As lawmakers have struggled to determine what kind of coronavirus relief to provide Americans during the 2020 recession, President Trump has consistently pushed for one particular type of financial aid: A payroll tax cut.
Payroll taxes are collected on wages to help fund Social Security and Medicare. The President wants to temporarily stop assessing them for Social Security. He's actually signed an executive order that would defer the collection of them from September until the end of the year (although the money would ultimately have to be paid back unless Congress acts). The President has pledged the unpaid taxes will be forgiven if he is reelected, although it's not clear exactly how he'll ensure that occurs.
Although the President has been aggressive in pushing for this proposal and has now attempted an end-run around a Congress that didn't embrace it, there's a strong argument to be made that Social Security will suffer if he gets his wish. And since many current and future retirees depend on Social Security, or plan to, that could be a big problem.

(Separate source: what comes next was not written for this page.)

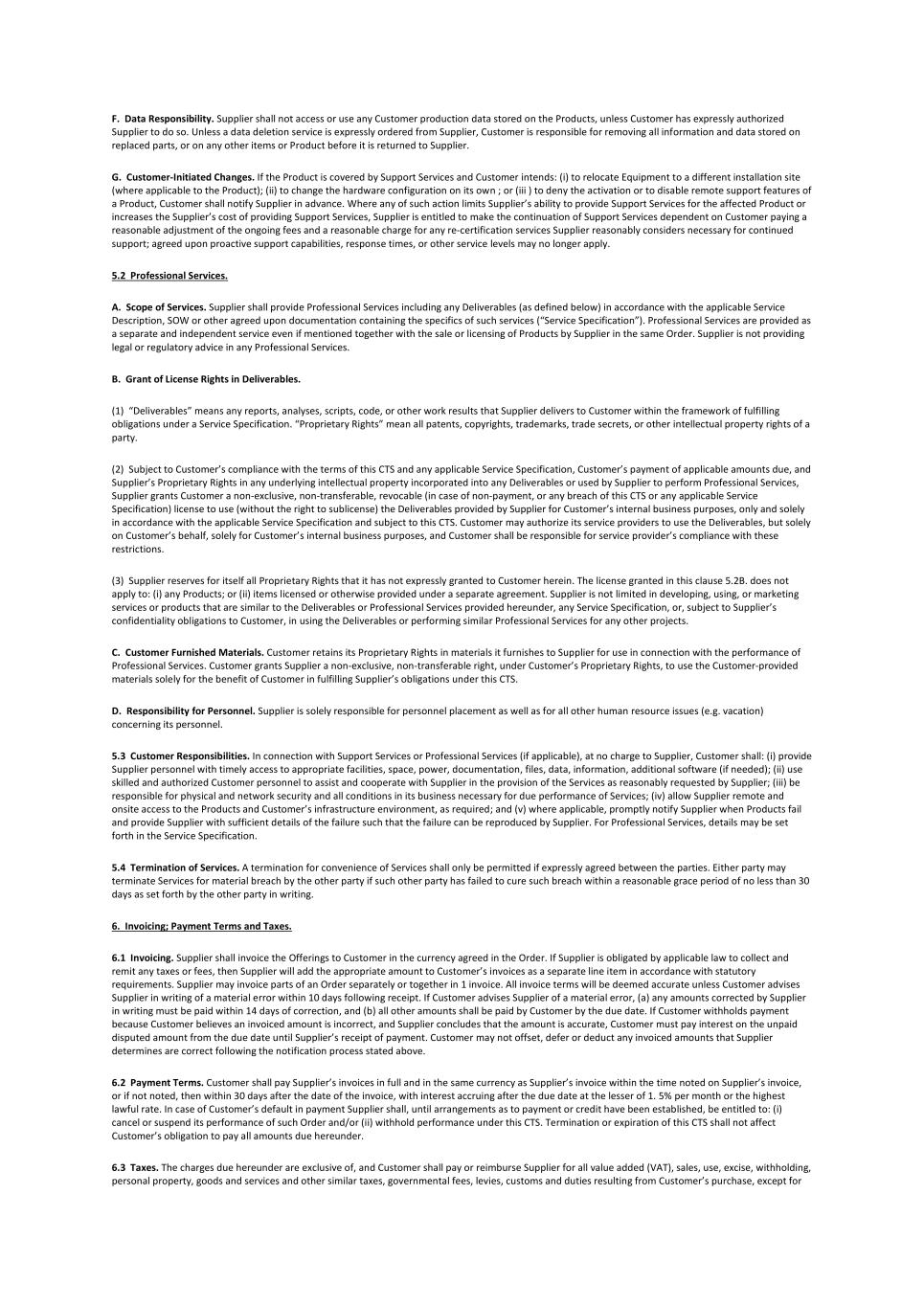 F. Data Responsibility. Supplier shall not access or use any Customer production data stored on the Products, unless Customer has expressly authorized Supplier to do so. Unless a data deletion service is expressly ordered from Supplier, Customer is responsible for removing all information and data stored on replaced parts, or on any other items or Product before it is returned to Supplier. G. Customer-Initiated Changes. If the Product is covered by Support Services and Customer intends: (i) to relocate Equipment to a different installation site (where applicable to the Product); (ii) to change the hardware configuration on its own ; or (iii ) to deny the activation or to disable remote support features of a Product, Customer shall notify Supplier in advance. Where any of such action limits Supplier’s ability to provide Support Services for the affected Product or increases the Supplier’s cost of providing Support Services, Supplier is entitled to make the continuation of Support Services dependent on Customer paying a reasonable adjustment of the ongoing fees and a reasonable charge for any re-certification services Supplier reasonably considers necessary for continued support; agreed upon proactive support capabilities, response times, or other service levels may no longer apply. 5.2 Professional Services. A. Scope of Services. Supplier shall provide Professional Services including any Deliverables (as defined below) in accordance with the applicable Service Description, SOW or other agreed upon documentation containing the specifics of such services (“Service Specification”). Professional Services are provided as a separate and independent service even if mentioned together with the sale or licensing of Products by Supplier in the same Order. Supplier is not providing legal or regulatory advice in any Professional Services. B. Grant of License Rights in Deliverables. (1) “Deliverables” means any reports, analyses, scripts, code, or other work results that Supplier delivers to Customer within the framework of fulfilling obligations under a Service Specification. “Proprietary Rights” mean all patents, copyrights, trademarks, trade secrets, or other intellectual property rights of a party. (2) Subject to Customer’s compliance with the terms of this CTS and any applicable Service Specification, Customer’s payment of applicable amounts due, and Supplier’s Proprietary Rights in any underlying intellectual property incorporated into any Deliverables or used by Supplier to perform Professional Services, Supplier grants Customer a non-exclusive, non-transferable, revocable (in case of non-payment, or any breach of this CTS or any applicable Service Specification) license to use (without the right to sublicense) the Deliverables provided by Supplier for Customer’s internal business purposes, only and solely in accordance with the applicable Service Specification and subject to this CTS. Customer may authorize its service providers to use the Deliverables, but solely on Customer’s behalf, solely for Customer’s internal business purposes, and Customer shall be responsible for service provider’s compliance with these restrictions. (3) Supplier reserves for itself all Proprietary Rights that it has not expressly granted to Customer herein. The license granted in this clause 5.2B. does not apply to: (i) any Products; or (ii) items licensed or otherwise provided under a separate agreement. Supplier is not limited in developing, using, or marketing services or products that are similar to the Deliverables or Professional Services provided hereunder, any Service Specification, or, subject to Supplier’s confidentiality obligations to Customer, in using the Deliverables or performing similar Professional Services for any other projects. C. Customer Furnished Materials. Customer retains its Proprietary Rights in materials it furnishes to Supplier for use in connection with the performance of Professional Services. Customer grants Supplier a non-exclusive, non-transferable right, under Customer’s Proprietary Rights, to use the Customer-provided materials solely for the benefit of Customer in fulfilling Supplier’s obligations under this CTS. D. Responsibility for Personnel. Supplier is solely responsible for personnel placement as well as for all other human resource issues (e.g. vacation) concerning its personnel. 5.3 Customer Responsibilities. In connection with Support Services or Professional Services (if applicable), at no charge to Supplier, Customer shall: (i) provide Supplier personnel with timely access to appropriate facilities, space, power, documentation, files, data, information, additional software (if needed); (ii) use skilled and authorized Customer personnel to assist and cooperate with Supplier in the provision of the Services as reasonably requested by Supplier; (iii) be responsible for physical and network security and all conditions in its business necessary for due performance of Services; (iv) allow Supplier remote and onsite access to the Products and Customer’s infrastructure environment, as required; and (v) where applicable, promptly notify Supplier when Products fail and provide Supplier with sufficient details of the failure such that the failure can be reproduced by Supplier. For Professional Services, details may be set forth in the Service Specification. 5.4 Termination of Services. A termination for convenience of Services shall only be permitted if expressly agreed between the parties. Either party may terminate Services for material breach by the other party if such other party has failed to cure such breach within a reasonable grace period of no less than 30 days as set forth by the other party in writing. 6. Invoicing; Payment Terms and Taxes. 6.1 Invoicing. Supplier shall invoice the Offerings to Customer in the currency agreed in the Order. If Supplier is obligated by applicable law to collect and remit any taxes or fees, then Suppl

There are actually two ways the President's plan hurts Social Security retirees
Social Security retirees will suffer in two ways if the President's preferred plan to cut payroll taxes goes into effect.
First and foremost, payroll taxes provide the bulk of Social Security's funding. In fact, in 2018, the program collected around $1 trillion in total income, an estimated $885 billion of which came from payroll taxes.
If the President gets his wish and the uncollected taxes are forgiven, the program could lose billions of dollars in income this year. And even if Americans eventually have to repay the taxes they owe, that won't happen until next year so the program would lose out on interest income it could've earned had the revenue been collected on time. That's a lot of lost interest income when you're talking about billions of dollars.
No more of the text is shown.